The fish story is just that (a fish story), but the LUCA story provides continuing confirmation of a trend seen for a decade (search on LUCA in our search bar, or go to 07/12/2010 “Bacteria Too Complex to Be Primitive Eukaryote Ancestors,” 01/14/2008 “Bacteria to the Future”, and 2/29/2004 “Was Their a Single Common Ancestor for All Life?” where Whitfield and the U of Illinois crew were struggling seven years ago with the LUCA myth). It confirms again that bacteria cannot be considered primitive transitional forms from the “RNA World” or whatever other speculative scenario the evolutionist wants to conjure up, as if “primitive” prokaryotes “emerged” from a chemical soup, then “tinkered” for a billion years or more before becoming eukaryotes. It puts more strain on origin-of-life scenarios, because the first cell had to “innovate” all this machinery early on by a blind, purposeless, unguided process. We report this not that one must accept the LUCA myth; it just shows that even using their own assumptions, evolutionists are having a harder time against the facts.

We said “revealing fact,” not “amazing fact” because organisms sometimes simplify themselves just by losing features, even to the point of becoming dependent on other organisms for basic functions. Theeis nothing in principle astonishing about an organism being more complex in the past, but it is inconvenient if you needed it to be simple.

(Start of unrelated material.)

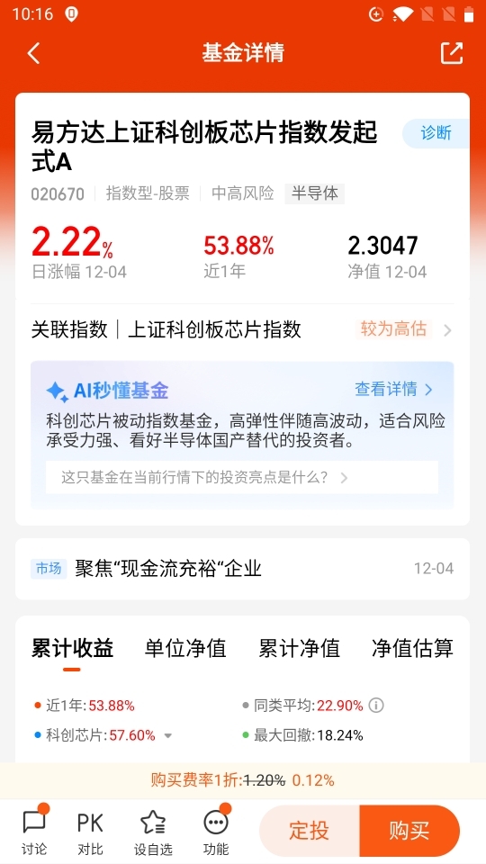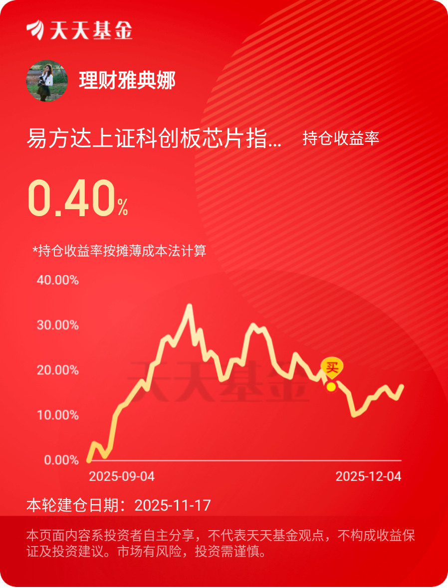 #观点搭子团火热招募中!# #热点话茬# 12月4日,存储芯片涨价与AI算力需求为市场注入强心针。我关注的$易方达上证科创板芯片指数发起式C$紧密跟踪科创板芯片龙头,今日芯片板块领涨,基金前十大重仓股中的中芯国际、中微公司等均有上涨,相信基金也能受益。行业正步入强复苏周期,国产替代空间广阔,基金聚焦半导体核心环节,是抓住这波科技红利的便利工具。短期波动不改长期趋势,我对接下来的行情保持期待。#晒收益#

Notice in the article that the lead author, Manfredo Suefferheld, who found the acidocalcisome in bacteria in 2003, said that finding organelles in bacteria went against tradition. “It was a dogma of microbiology that organelles weren’t present in bacteria,” he said. Science would be better without dogma. Darwinism puts the fog in dogma, producing fogma, a dogma so thick you can’t see it unless you are outside of it. The Darwin Party then puts the dog in fogma, sending their attack dogs barking and biting anyone who tries to clear the air.

Of course, as writer Dave Coppedge himself has cause to know, for the truly committed Darwinist, the attack dogs are the best argument; If they succeed, Darwin was right. It’s that simple, really.